While start-up funding took a dip in 2023, the same can’t be said about generative artificial intelligence (AI) start-ups, which attracted the lion’s share of venture capital (VC) investments.
This is based on insights from market research firm GlobalData, which show total VC funding for start-ups reached $224 billion as at 8 December. This is a 65% dip since 2021, when start-ups raised $655 billion.
However, generative AI (GenAI) start-ups raised $10 billion in venture capital, representing a 110% rise compared to $4.7 billion in 2021, says GlobalData.
Adarsh Jain, director of the financial markets team at GlobalData, comments: “The slowdown in start-up funding over the last couple of years − dubbed ‘start-up winter’ − was driven by rising interest rates, recessionary risks and the overall tough macro environment.
“Despite these challenges, GenAI start-ups raising record sums underscores the breakthrough nature of the technology, its widespread applicability and its power to transform entire sectors and industries.”
GlobalData notes that since the beginning of 2018, GenAI start-ups in the US have secured most of the funding with a 75% share ($16 billion), followed by Israel, Germany, France, the UK and China – which added another 15% share.
Early-stage start-ups formed 40% of all deal volumes, followed by seed stage with 37% of all deal volumes − meaning first-time funding of GenAI start-ups dominated start-up funding.
Jain notes: “GenAI start-ups are expected to continue to attract investment in 2024 and beyond because the technology is underpinned by solid drivers.
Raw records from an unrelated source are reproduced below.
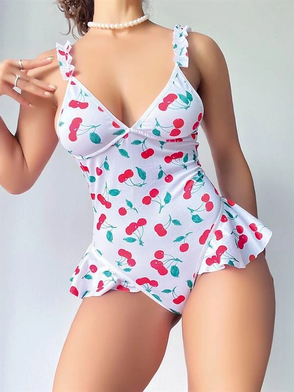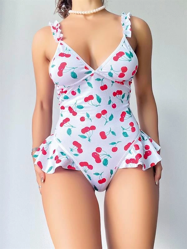 Amora Secret Kadın Fantazi İç Giyim Vişne Desenli Fantezi Body - Şehvetli ve Zarif Tasarım
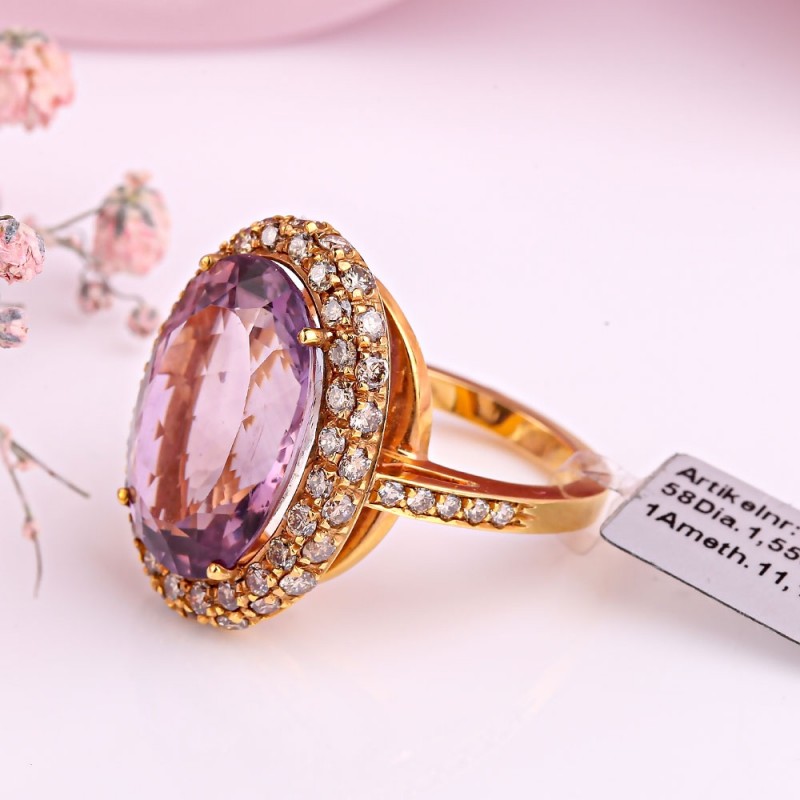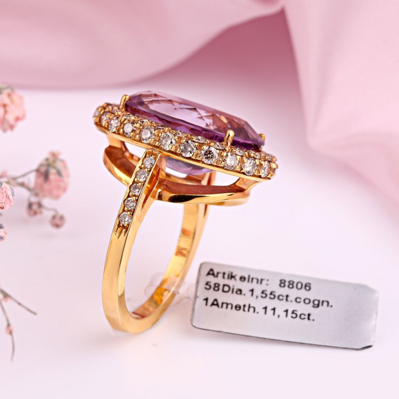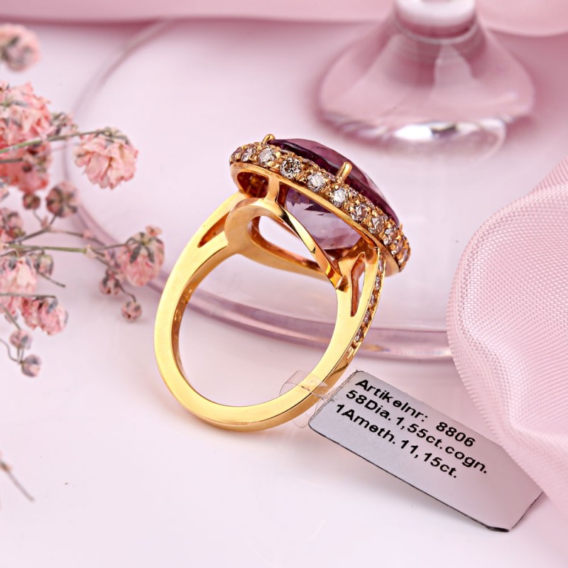 Einsatz: 58 Diamanten 1,55 ct. Cognacfarbe; 1 Amethyst oval 11,15 ct. 18,0 x 13,0 mm
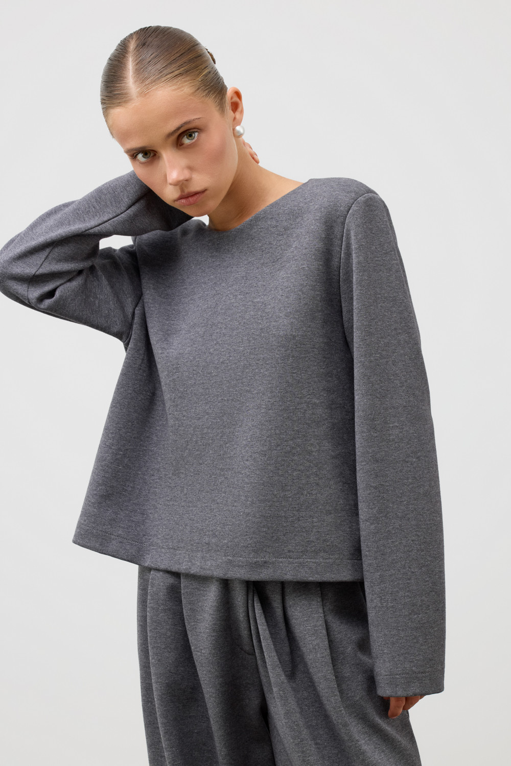 Укороченный лонгслив изготовлен из особого сочетания хлопка и полиэстера, что обеспечивает изделию мягкость, хорошую воздухопроницаемость и высокую прочность. Благодаря инновационному двойному плетению изделие отлично держит форму. Особая обработка силиконом добавляет легкости и дает приятную на ощупь шелковистую текстуру.
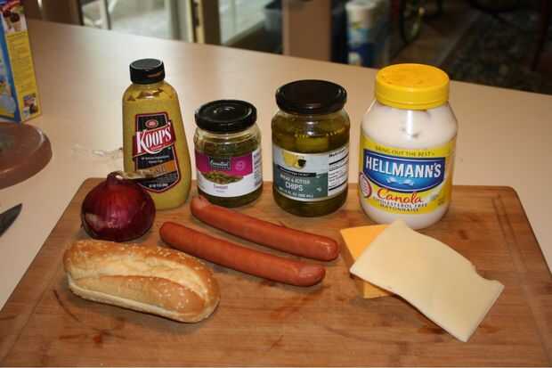 Seleccione su opción para el perro caliente, pero asegúrese de que es más largo que el pan.  El perro en la foto es casi de 3 1/4 de onza de carne picante y carne de cerdo, mi favorito actual, que viene de ahumadero de Trig en Rhinelander, Wisconsin.   El pan es un partido superior sésamo sembrada bollo, un buen pulgadas más corto que el perro.  Cebolla roja picada tiene una buena "mordida" a ellos, pero realmente cualquier cebolla amarilla es genial.
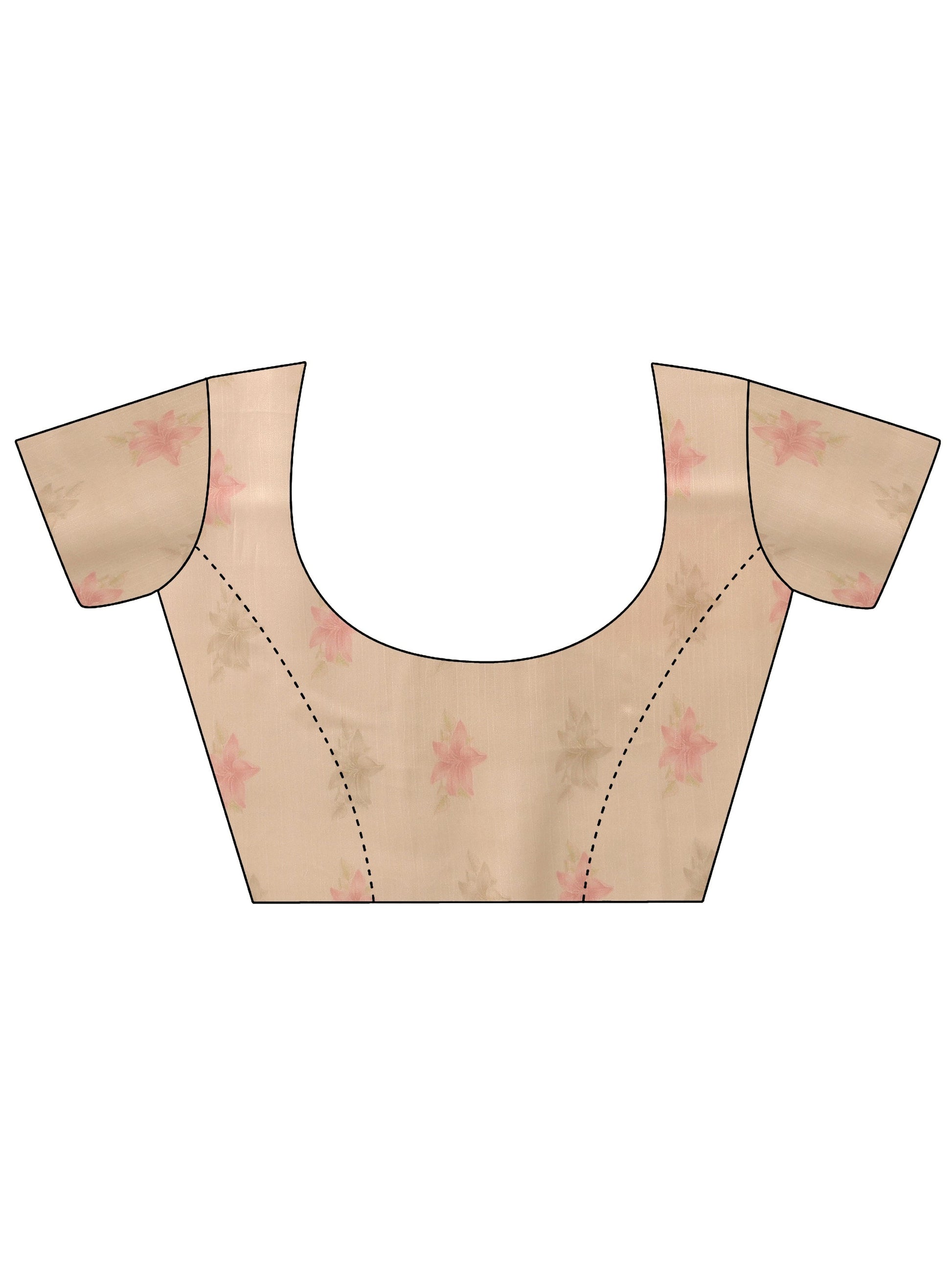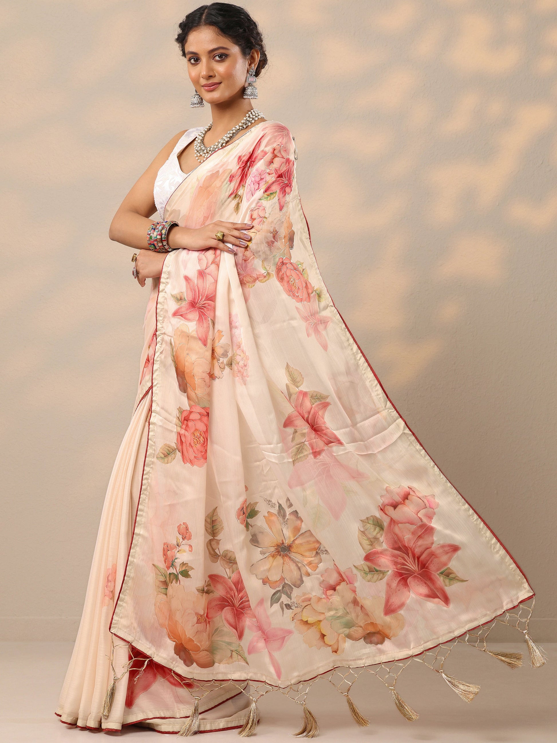 Our cream printed crepe saree features captivating floral print. Complemented with a blouse piece. This charming saree is perfect for festive occasions.
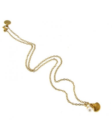 Collana con pendente conchiglia e perla in acciaio inox placcato oro 18k

For instance, apart from accelerating start-up funding, patenting activity in GenAI registered 85% CAGR over the last five years, as per GlobalData’s patent analytics.
“Companies across sectors are ramping up human capital by aggressively hiring talent around GenAI, reveals GlobalData job analytics. Companies are getting more vocal about their GenAI strategy in their filing documents, with 16x more mentions. From drug-development to spaceships, there is no sector which has not been touched by GenAI.”
The market research firm reveals investors are also responding with higher valuations for companies focused on GenAI capabilities. For instance, Google’s share price rose 5% a day after the company announced Gemini, its latest AI model.
“One reason to bet big on GenAI is the general-purpose nature of the technology which start-ups are using to solve diverse challenges,” says Jain.
“GenAI is one of the few technology innovations to have impacted the broad spectrum of industries in such a short time and is fundamentally well-placed to continue attracting investments well into 2024 and beyond.”
The Boston Consulting Group estimates GenAI will be a $60 billion global market by 2025, accounting for 30% of the total addressable market for AI in general.
In January, Microsoft announced a “multibillion-dollar” investment in OpenAI, the San Francisco-based start-up company that designed ChatGPT. The software giant made an initial $1 billion investment in OpenAI in 2019 and later in 2021.
According to GlobalData, other start-ups that raised funding in 2023 include Tomorrow.io, which raised $69 million to help build the world’s first weather and climate GenAI. Vectara raised $29 million to build a GenAI conversational search platform. Anthropic raised $450 million to ensure safe, reliable and interpretable GenAI solutions.
Indian start-up Sarvam AI recently secured $41 million funding, a boost to its target of building GenAI solutions for India’s multitude of languages. Assembly AI, which raised $50 million in November, is leveraging GenAI to build a speech AI model using voice data.
On the local front, Lelapa AI reportedly raised $2.5 million in funding, backed by the Mozilla Foundation and Atlantica Ventures.
Lelapa AI last month launched the beta version of its Vulavula natural language model solution. Vulavula transcribes and analyses English, Afrikaans, isiZulu and Sesotho using AI.
Speaking to ITWeb earlier this year, Lelapa AI co-founder and CEO Pelonomi Moiloa explained the start-up was founded out of the need to address how AI can be used for solutions and applications from an African lens.
“Vulavula is a language technology-as-a-service, focusing on under-represented languages (specifically South African languages), through text and voice technologies,” she said at the time.
“Despite 90% of the internet being in English, only one in 10 South Africans speak English at home. Languages represent culture and people, and it’s imperative that people from across the world are supported by technology.”